▶ [Exercise requirements]: Give back, exactly as written, the lines from the first line of the data below through the line with "Situado en la", and omit the pictures.

- - - - -

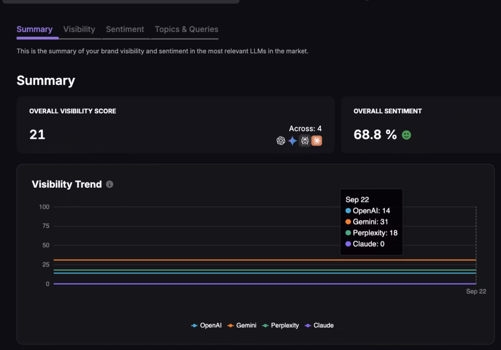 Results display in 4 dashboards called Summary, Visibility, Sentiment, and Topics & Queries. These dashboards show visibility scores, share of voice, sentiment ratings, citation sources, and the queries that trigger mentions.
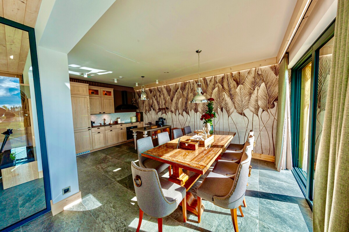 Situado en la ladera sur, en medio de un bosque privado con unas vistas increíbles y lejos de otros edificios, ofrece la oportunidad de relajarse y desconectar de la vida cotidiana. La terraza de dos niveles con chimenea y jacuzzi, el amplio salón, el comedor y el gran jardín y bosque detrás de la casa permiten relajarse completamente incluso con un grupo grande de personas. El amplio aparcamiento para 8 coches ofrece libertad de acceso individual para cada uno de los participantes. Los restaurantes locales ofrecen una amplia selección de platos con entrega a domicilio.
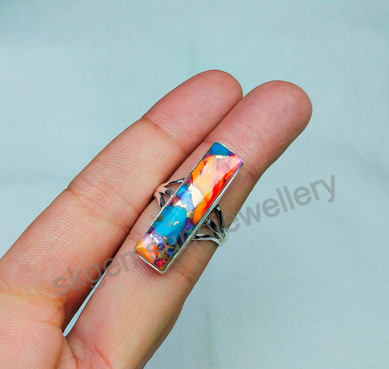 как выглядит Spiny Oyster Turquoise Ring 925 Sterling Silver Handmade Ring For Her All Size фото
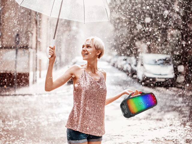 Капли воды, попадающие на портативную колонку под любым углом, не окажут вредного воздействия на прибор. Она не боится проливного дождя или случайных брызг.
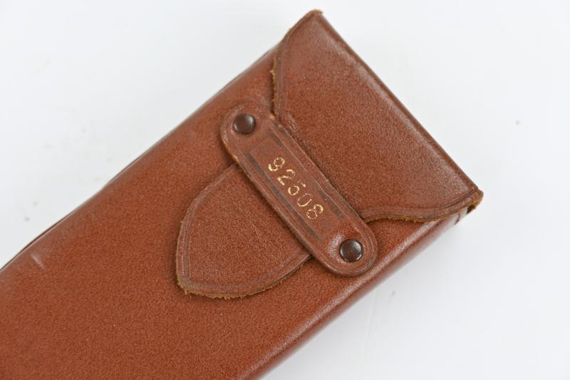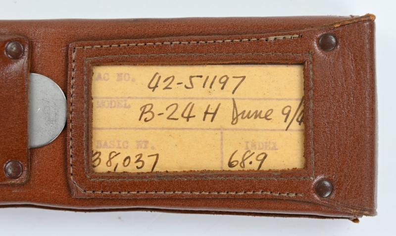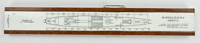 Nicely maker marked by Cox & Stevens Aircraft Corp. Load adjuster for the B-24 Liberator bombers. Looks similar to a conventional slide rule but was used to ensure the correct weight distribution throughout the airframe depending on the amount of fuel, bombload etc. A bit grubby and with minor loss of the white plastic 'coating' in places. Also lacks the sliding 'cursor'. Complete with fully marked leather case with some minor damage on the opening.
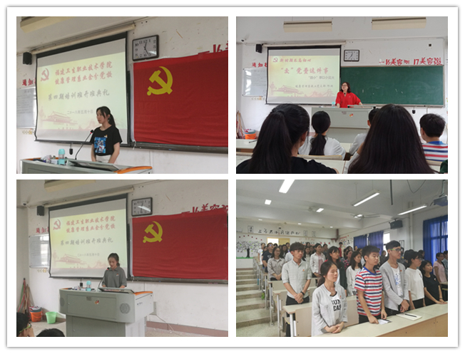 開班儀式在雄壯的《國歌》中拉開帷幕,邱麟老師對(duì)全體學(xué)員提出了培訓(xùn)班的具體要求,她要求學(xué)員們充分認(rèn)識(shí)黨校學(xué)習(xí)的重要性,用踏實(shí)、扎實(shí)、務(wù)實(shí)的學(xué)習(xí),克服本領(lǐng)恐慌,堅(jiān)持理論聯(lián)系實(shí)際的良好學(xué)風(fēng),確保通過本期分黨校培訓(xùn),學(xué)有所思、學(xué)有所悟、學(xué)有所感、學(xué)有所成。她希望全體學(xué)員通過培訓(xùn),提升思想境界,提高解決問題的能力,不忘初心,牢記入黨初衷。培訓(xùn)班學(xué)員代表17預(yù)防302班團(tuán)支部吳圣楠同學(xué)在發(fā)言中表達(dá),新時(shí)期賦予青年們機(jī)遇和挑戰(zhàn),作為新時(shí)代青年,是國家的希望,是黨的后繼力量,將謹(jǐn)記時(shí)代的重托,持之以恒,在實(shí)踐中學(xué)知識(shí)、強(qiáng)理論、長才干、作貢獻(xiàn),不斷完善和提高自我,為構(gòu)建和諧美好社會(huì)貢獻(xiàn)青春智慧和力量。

- - - - -

▶ [Exercise solution]:
 Results display in 4 dashboards called Summary, Visibility, Sentiment, and Topics & Queries. These dashboards show visibility scores, share of voice, sentiment ratings, citation sources, and the queries that trigger mentions.
 Situado en la ladera sur, en medio de un bosque privado con unas vistas increíbles y lejos de otros edificios, ofrece la oportunidad de relajarse y desconectar de la vida cotidiana. La terraza de dos niveles con chimenea y jacuzzi, el amplio salón, el comedor y el gran jardín y bosque detrás de la casa permiten relajarse completamente incluso con un grupo grande de personas. El amplio aparcamiento para 8 coches ofrece libertad de acceso individual para cada uno de los participantes. Los restaurantes locales ofrecen una amplia selección de platos con entrega a domicilio.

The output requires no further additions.